青い蓮の花に隠された人の業と神の存在

のこ
のこ

こちらは53歳の巡査長、真行寺弘道が

活躍するミステリーよ。

ぬこ
ぬこ

今回はどんな話なんだ?

のこ
のこ

殺されたインド人の事件が

宗教問題などに広がって

いくの。

ぬこ
ぬこ

なんだか複雑そうだな。

でも飼い主はページ開いたとたん

最後まで一気読みしちゃったって

言ってたぞ。

『ブルーロータス-巡査長 真行寺弘道』  榎本 憲男 (著) 中公文庫

あらすじ

警視庁捜査一課の真行寺弘道は、53歳にしてヒラの刑事。荒川の河川敷での捜査現場に出くわす。発見されたのはインド人男性の変死体だった。事件性を感じた真行寺は、インドを専門とする研究者・時任の協力で捜査を進めていく。

インド人変死体の謎に潜む影

母校の音楽サークルの部室に立ち寄った真行寺は、血を流して倒れる1人の学生と、それを取り囲む数名の学生に遭遇。そこに登場したのは、アメリカの偉大なミュージシャンの孫・巽リョートだった。

一方、殺されたインド人が訪れたインド料理店の店長が行方不明となっており、真行寺はその足跡を追い、一路北海道へ。そこには、巨大企業の出資による無人自動車の研究所があり、副署長以外は全てインド人スタッフが勤めていた。
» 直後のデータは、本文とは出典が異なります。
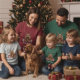 "This absolutely endearing illustration features a detailed portrait of a beautiful Cocker Spaniel dog with its characteristic golden coat and long, wavy ears. The dog is given a festive holiday twist with reindeer antlers adorned with small golden bells. Two beautifully wrapped Christmas presents with red ribbons sit prominently on either side. This high-quality graphic is ideal for personalized holiday gifts for Spaniel owners, Christmas cards, apparel, ornaments, or any product celebrating this joyful and affectionate dog breed."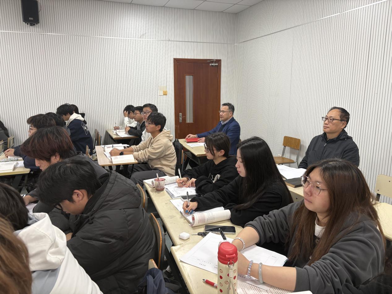 课堂上,吴向鹏校长与物流3252、3253的同学一同认真听课,仔细记录课程的理论架构以及师生互动情况。雷丹丹老师紧扣“社会主义建设道路初步探索的理论成果”章节的内容,通过生动的案例分析与课堂互动,引导同学们深刻理解这些理论成果的历史背景、核心内涵及其对当时乃至今天中国发展道路的重大指导意义,引导学生主动思考、积极互动,课堂组织严谨、氛围活跃。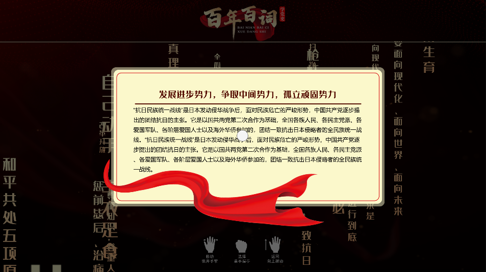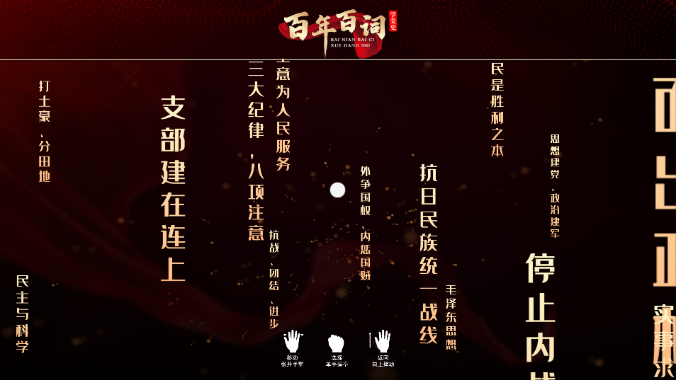 “百年百词学党史”互动展项采用Leap Motion体感控制的方式展现如“一国两制”、“九二共识”、“四个全面”等一百个带有鲜明时代印记的词句。带领用户回顾党的伟大历程和伟大成就,汲取奋进前行的力量。

変死体の様子から宗教的対立を感じた真行寺は、研究所の時任の協力を得て、捜査にのぞむ。

まとめ

音楽サークル内での格差、宗教間でのカースト。日本社会と、インド社会での切実なその世界がリンクしていきます。権力に反する精神を保ちながらなぜか権力のもとで働く真行寺は、刑事という枠組みを超え、関わった者たちと魂でぶつかっていくようです。研究所、ブルーロータスの意味が明らかになったとき、戦慄が走る、一気読み必至のミステリー。

<こんな人におすすめ>

平刑事が活躍するエンタメ警察小説を読んでみたい
カースト制度の根深い闇について興味がある
榎本 憲男のファン

ぬこ
ぬこ

おもしろい!そして深い。

前作で活躍した黒木が

登場するのもいい!!

のこ
のこ

真行寺の「正義」が

必ずしも法律に沿うものでは

ないところが、ロックであり

人間臭くて魅力的なのよね。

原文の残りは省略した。